Nothing but the lines from the start of the entries below through the line containing "短焦点レーザープロジェクター" should appear in the answer, copied exactly and free of pictures.

[Stored dataset items]
- Opening Delimiter -

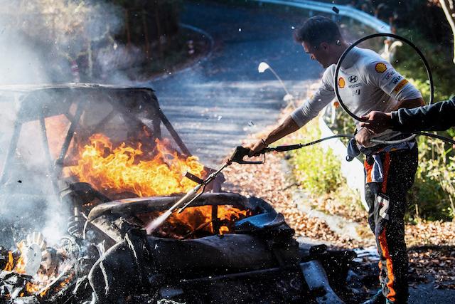 4度目の表彰台を目指したダニ・ソルドは、SS2でヒュンダイi20 N Rally1が出火し、劇的な幕切れとなった。ソルドとコドライバーのカーンディド・カレラは燃え盛るマシンを退去させることができたが、火災の深刻さにより救護は不可能となった。このため、その後の稲生ダムステージはキャンセルされました。ソルドは、「ステージが始まってから、どんどん燃えてきたんだ。数分後、燃え始めた。リアから燃えてきて、何とか消そうとしたが、まったく無理だった。チームには申し訳ないことをした。こんな風にマシンを失うなんて、最悪の日だ」
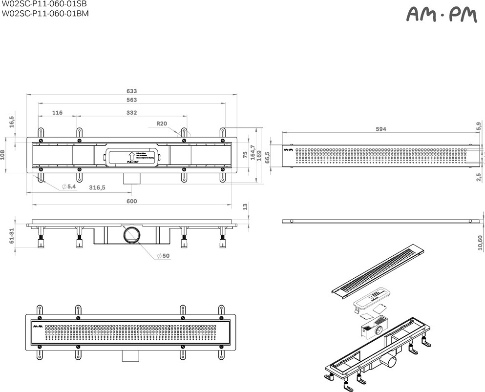 Описание трап линейный AM.PM W02SC-P11-060-01BM
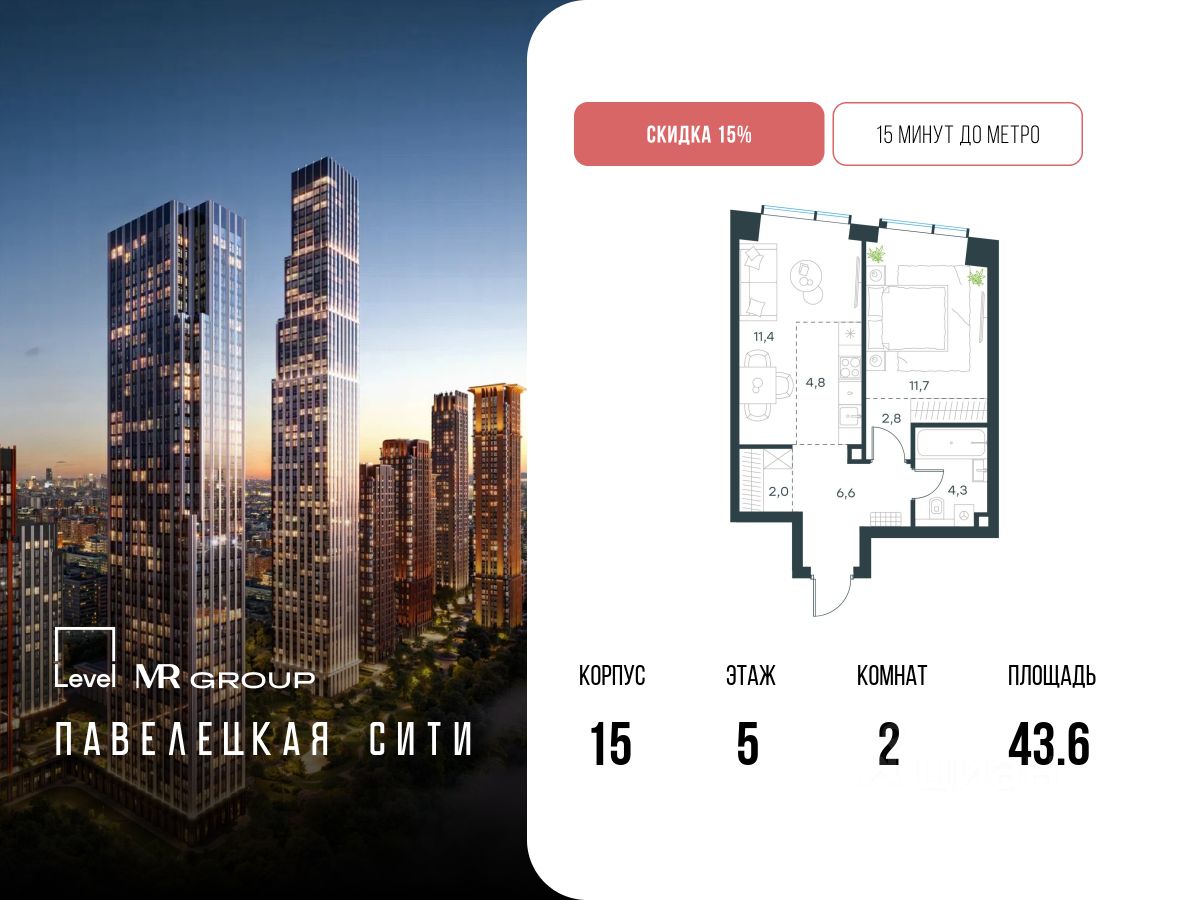 В Даниловском районе столицы (ЮАО) продаётся 2-комнатная квартира площадью 43.60 кв.м без отделки. Квартира расположена на 5 этаже 45-этажного корпуса 'Горизонт' в жилом комплексе бизнес-класса Павелецкая Сити. Высота потолков 3.00м.
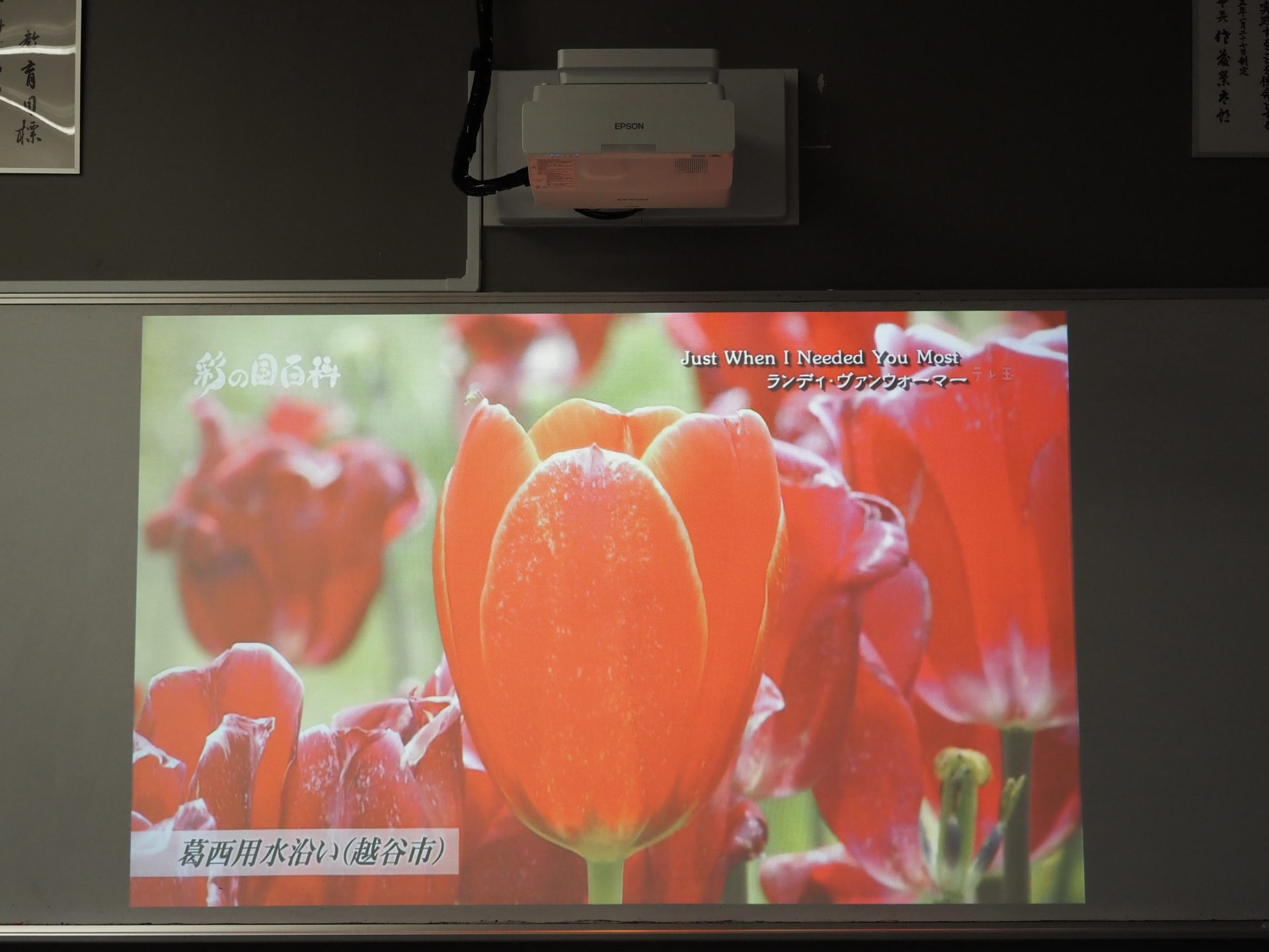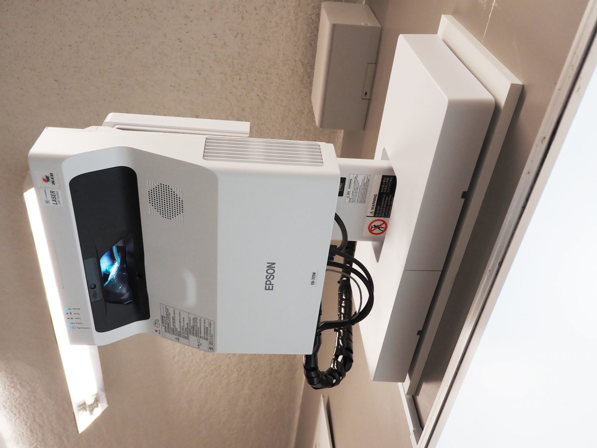 短焦点レーザープロジェクターを中学校2学年の教室に設置しました。今後は、段階的に中学高校の全クラスに設置していきます。
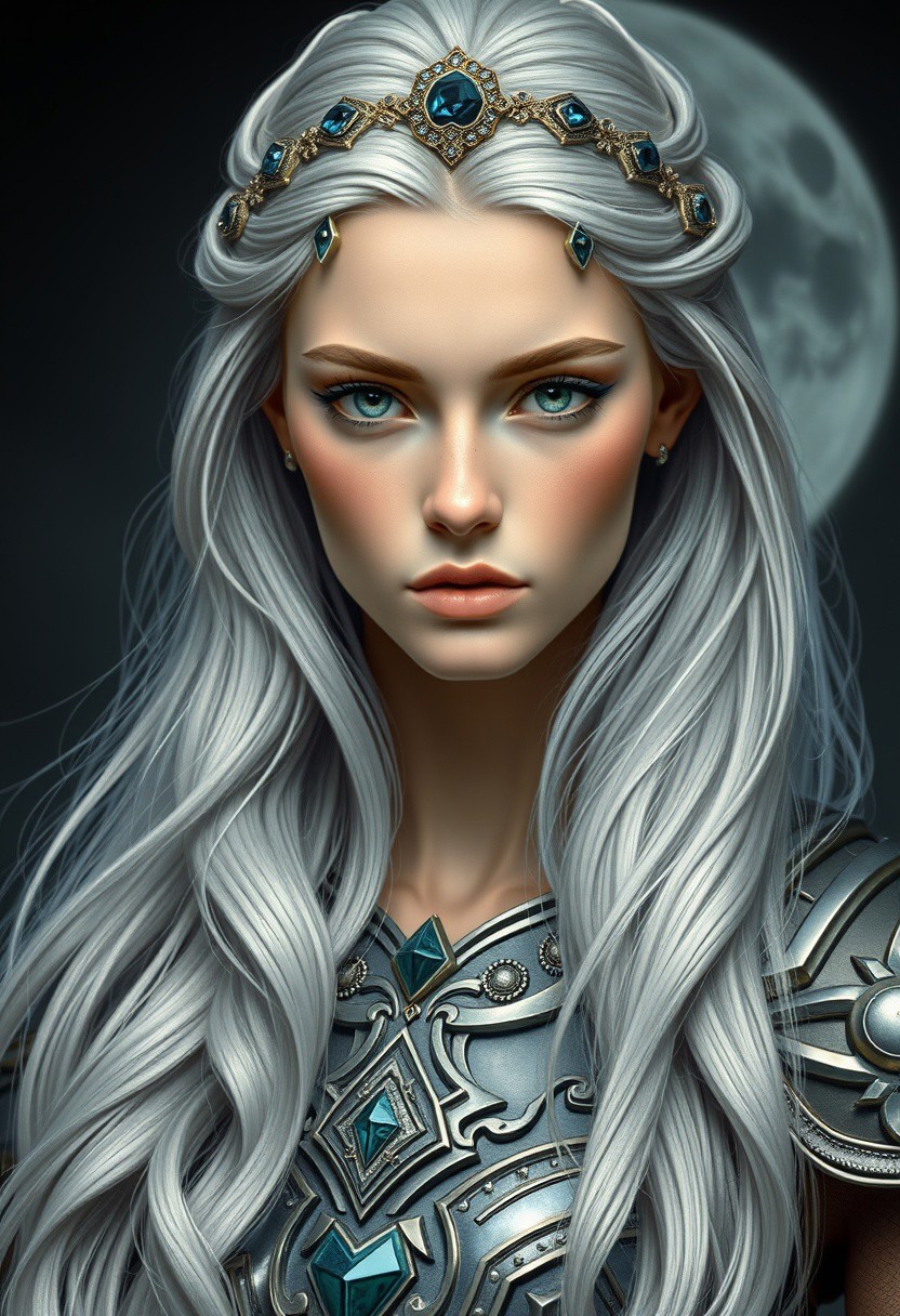 A 20-year-old female goddess with long, flowing silver hair resembling moonlit cascades, adorned with a delicate, gemstone-encrusted circlet, her elegant face showcasing a serene yet powerful visage, with profound, piercing emerald eyes that seem to hold the wisdom of the ages. Her features, a masterful blend of classical Greek and Norse inspirations, exude an aura of intelligence, confidence, and unyielding strength, tempered by a deep sense of compassion and wisdom. She wears an intricately crafted, modernized suit of armor, a mesmerizing fusion of ancient,
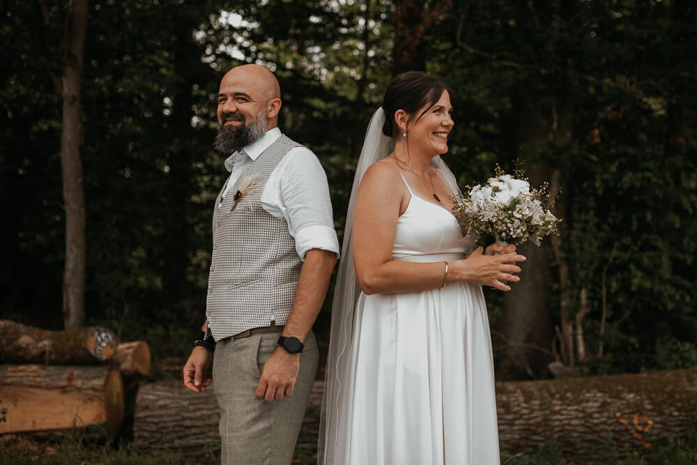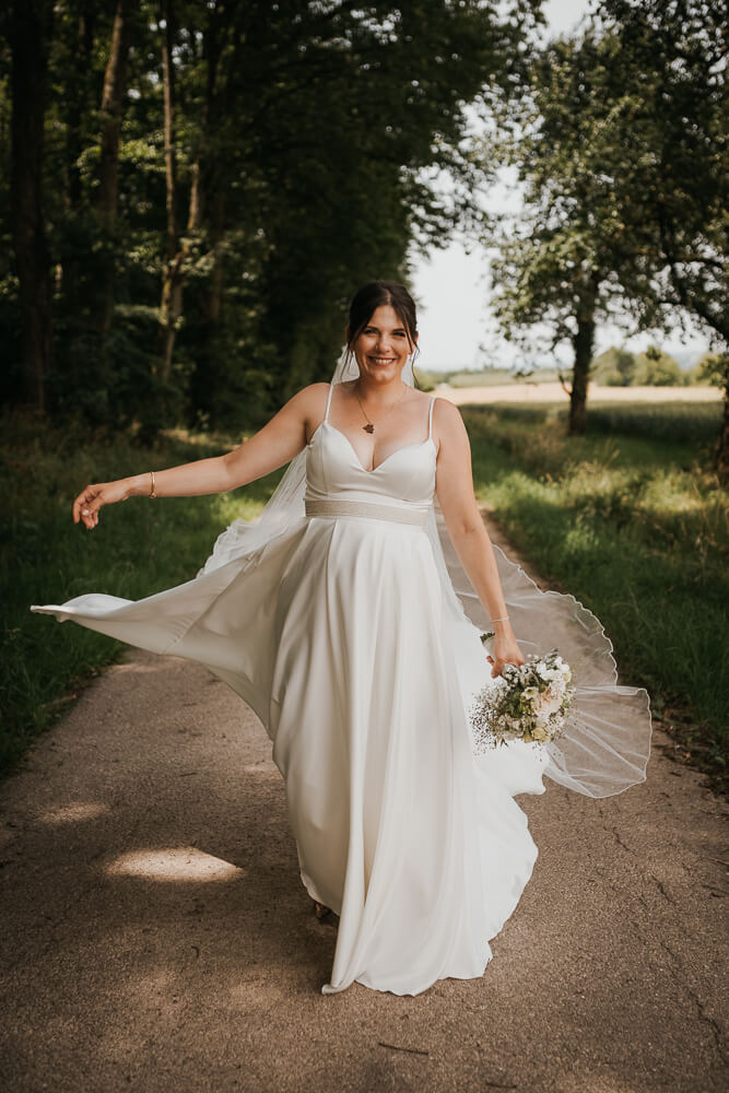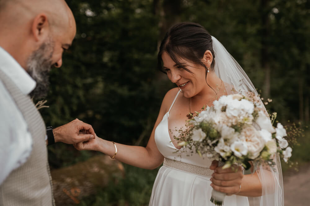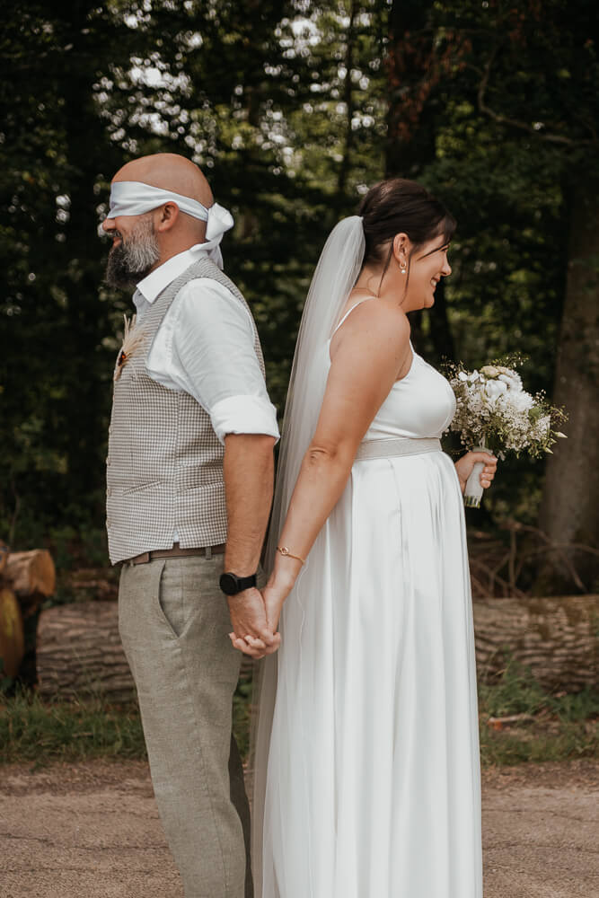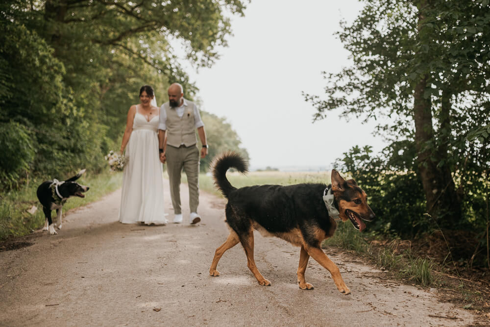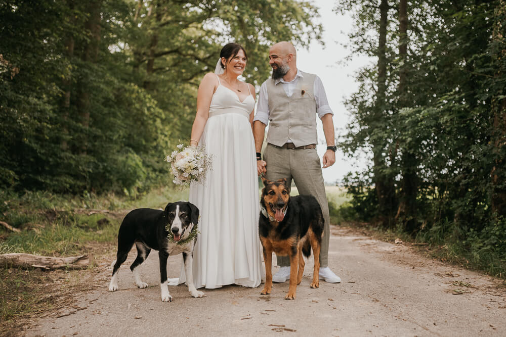 Doch bevor der große Moment kam, zogen sie sich an einen besonderen Ort zurück: ihre Lieblingsgassistrecke am Dorfrand, wo sie zwischen Wäldern und Feldern ihren First Look erleben wollten. Als ihre Blicke sich trafen, schien die Welt für einen Moment stillzustehen – pure Liebe und tiefe Verbundenheit lagen in der Luft. Das Shooting war voller Leichtigkeit und Freude, untermalt von herzhaftem Lachen und kleinen, unvergesslichen Momenten. Ihre Hunde, treue Begleiter ihres Alltags, durften natürlich nicht fehlen und machten diesen besonderen Moment noch perfekter.

- Closing Delimiter -

Solution for this exercise:
 4度目の表彰台を目指したダニ・ソルドは、SS2でヒュンダイi20 N Rally1が出火し、劇的な幕切れとなった。ソルドとコドライバーのカーンディド・カレラは燃え盛るマシンを退去させることができたが、火災の深刻さにより救護は不可能となった。このため、その後の稲生ダムステージはキャンセルされました。ソルドは、「ステージが始まってから、どんどん燃えてきたんだ。数分後、燃え始めた。リアから燃えてきて、何とか消そうとしたが、まったく無理だった。チームには申し訳ないことをした。こんな風にマシンを失うなんて、最悪の日だ」
 Описание трап линейный AM.PM W02SC-P11-060-01BM
 В Даниловском районе столицы (ЮАО) продаётся 2-комнатная квартира площадью 43.60 кв.м без отделки. Квартира расположена на 5 этаже 45-этажного корпуса 'Горизонт' в жилом комплексе бизнес-класса Павелецкая Сити. Высота потолков 3.00м.
 短焦点レーザープロジェクターを中学校2学年の教室に設置しました。今後は、段階的に中学高校の全クラスに設置していきます。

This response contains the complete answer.